EXERCISE DETAILS:
Only the lines below from the one containing "Blusa feita em" through the one containing "伴随着错落有致的鼓点,婚礼在开场舞表演后正式开始。" belong in the answer, repeated exactly and without pictures.

RECORDED DATA:
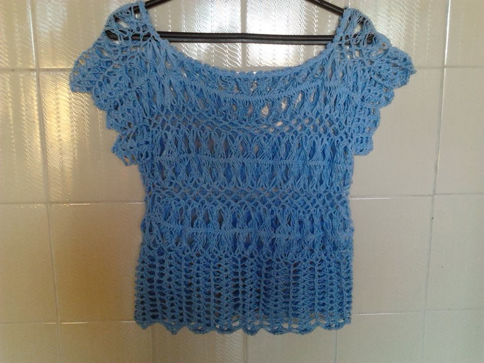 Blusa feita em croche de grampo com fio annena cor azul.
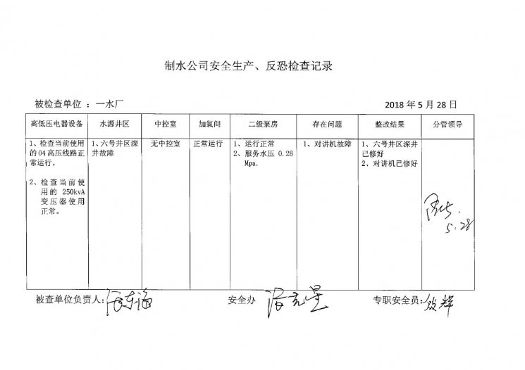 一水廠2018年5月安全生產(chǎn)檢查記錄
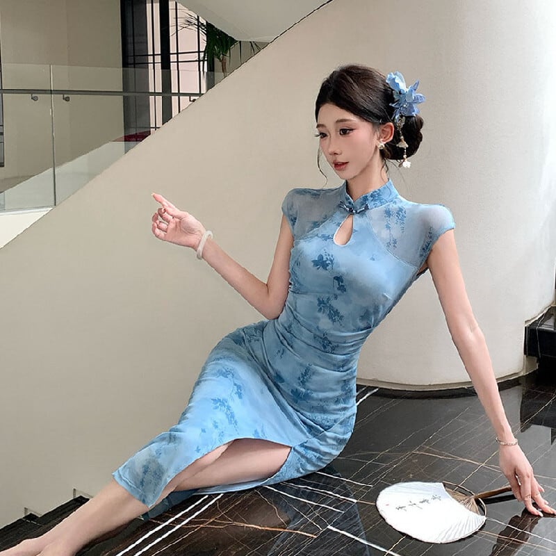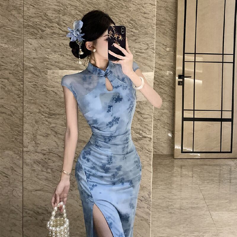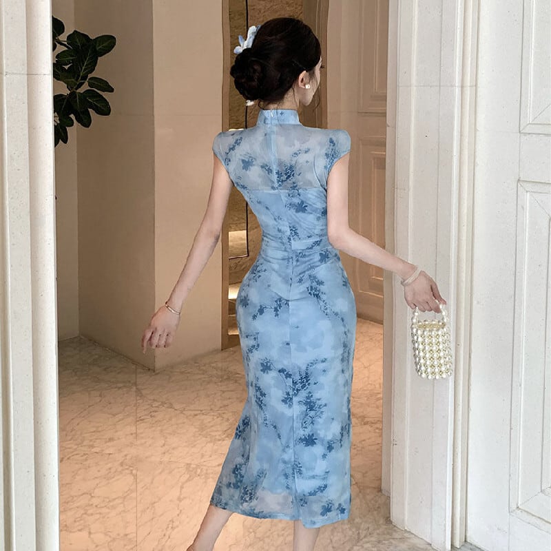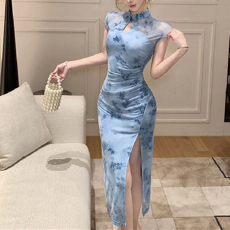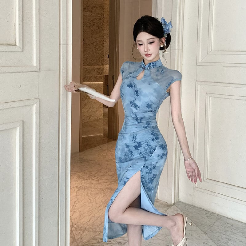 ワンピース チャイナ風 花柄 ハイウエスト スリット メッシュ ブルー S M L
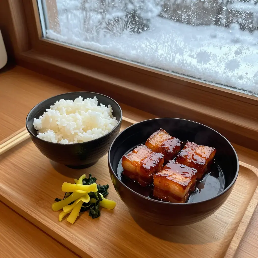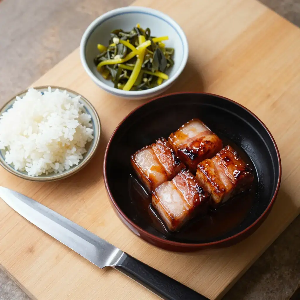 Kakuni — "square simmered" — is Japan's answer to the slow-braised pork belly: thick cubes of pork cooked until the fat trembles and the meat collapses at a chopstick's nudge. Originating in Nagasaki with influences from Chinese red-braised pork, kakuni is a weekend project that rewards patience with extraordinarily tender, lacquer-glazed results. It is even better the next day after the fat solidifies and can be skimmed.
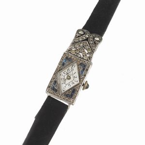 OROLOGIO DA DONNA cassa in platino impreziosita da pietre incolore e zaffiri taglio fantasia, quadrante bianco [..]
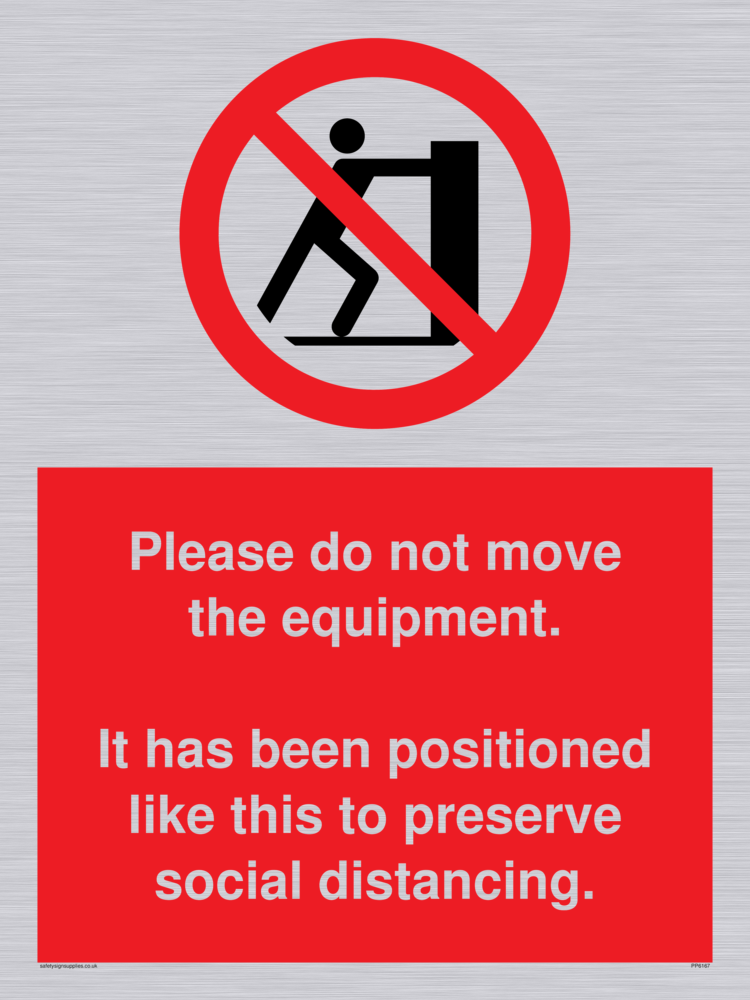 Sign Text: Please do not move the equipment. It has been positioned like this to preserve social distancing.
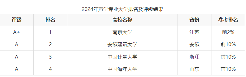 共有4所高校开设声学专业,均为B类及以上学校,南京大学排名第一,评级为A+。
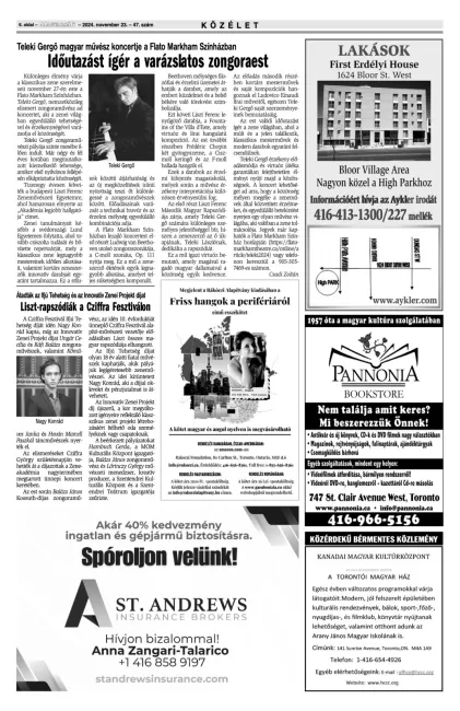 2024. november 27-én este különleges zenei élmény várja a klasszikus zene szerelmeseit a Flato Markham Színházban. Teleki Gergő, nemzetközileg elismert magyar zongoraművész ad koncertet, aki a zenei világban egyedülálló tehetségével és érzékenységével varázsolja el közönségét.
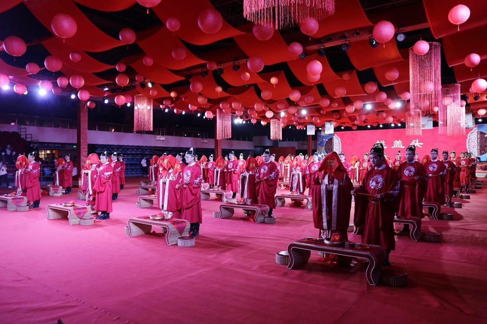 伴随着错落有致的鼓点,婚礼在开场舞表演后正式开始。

==

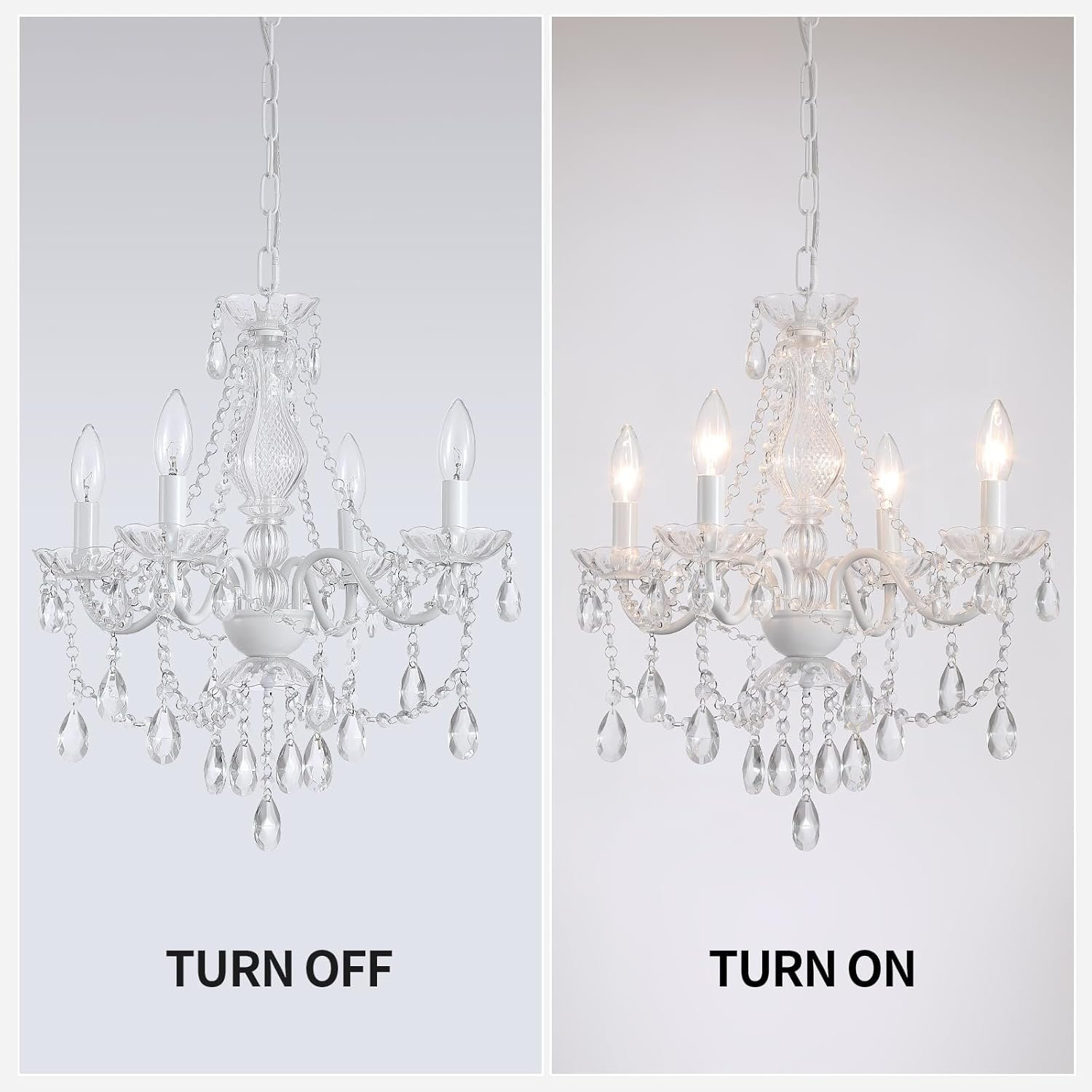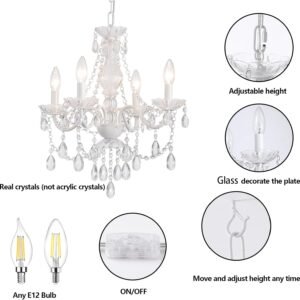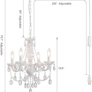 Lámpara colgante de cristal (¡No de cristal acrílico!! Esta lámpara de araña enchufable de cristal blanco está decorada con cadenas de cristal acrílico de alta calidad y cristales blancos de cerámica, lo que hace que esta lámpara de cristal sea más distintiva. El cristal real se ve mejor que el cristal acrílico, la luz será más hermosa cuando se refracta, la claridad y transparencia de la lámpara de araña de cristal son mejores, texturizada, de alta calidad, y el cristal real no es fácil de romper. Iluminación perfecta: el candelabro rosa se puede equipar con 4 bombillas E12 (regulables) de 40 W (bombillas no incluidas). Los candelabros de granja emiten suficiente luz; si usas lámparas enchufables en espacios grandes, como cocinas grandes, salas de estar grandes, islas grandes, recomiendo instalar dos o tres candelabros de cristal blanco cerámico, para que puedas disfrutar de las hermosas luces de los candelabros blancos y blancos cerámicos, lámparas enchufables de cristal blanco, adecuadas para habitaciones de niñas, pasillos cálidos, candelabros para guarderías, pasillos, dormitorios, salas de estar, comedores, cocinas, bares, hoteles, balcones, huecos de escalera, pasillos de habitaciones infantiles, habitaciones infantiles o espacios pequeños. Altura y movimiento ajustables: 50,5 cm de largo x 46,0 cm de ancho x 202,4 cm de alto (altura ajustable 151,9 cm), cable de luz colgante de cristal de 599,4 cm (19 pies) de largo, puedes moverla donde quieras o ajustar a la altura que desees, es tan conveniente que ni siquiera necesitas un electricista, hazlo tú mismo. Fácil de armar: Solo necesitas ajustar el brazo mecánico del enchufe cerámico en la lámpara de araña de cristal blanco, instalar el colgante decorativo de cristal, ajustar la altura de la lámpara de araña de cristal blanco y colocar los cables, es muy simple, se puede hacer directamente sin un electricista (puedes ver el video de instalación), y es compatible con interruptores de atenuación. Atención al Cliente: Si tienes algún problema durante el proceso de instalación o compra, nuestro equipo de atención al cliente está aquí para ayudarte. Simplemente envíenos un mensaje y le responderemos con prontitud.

TASK SOLUTION:
 Blusa feita em croche de grampo com fio annena cor azul.
 一水廠2018年5月安全生產(chǎn)檢查記錄
 ワンピース チャイナ風 花柄 ハイウエスト スリット メッシュ ブルー S M L
 Kakuni — "square simmered" — is Japan's answer to the slow-braised pork belly: thick cubes of pork cooked until the fat trembles and the meat collapses at a chopstick's nudge. Originating in Nagasaki with influences from Chinese red-braised pork, kakuni is a weekend project that rewards patience with extraordinarily tender, lacquer-glazed results. It is even better the next day after the fat solidifies and can be skimmed.
 OROLOGIO DA DONNA cassa in platino impreziosita da pietre incolore e zaffiri taglio fantasia, quadrante bianco [..]
 Sign Text: Please do not move the equipment. It has been positioned like this to preserve social distancing.
 共有4所高校开设声学专业,均为B类及以上学校,南京大学排名第一,评级为A+。
 2024. november 27-én este különleges zenei élmény várja a klasszikus zene szerelmeseit a Flato Markham Színházban. Teleki Gergő, nemzetközileg elismert magyar zongoraművész ad koncertet, aki a zenei világban egyedülálló tehetségével és érzékenységével varázsolja el közönségét.
 伴随着错落有致的鼓点,婚礼在开场舞表演后正式开始。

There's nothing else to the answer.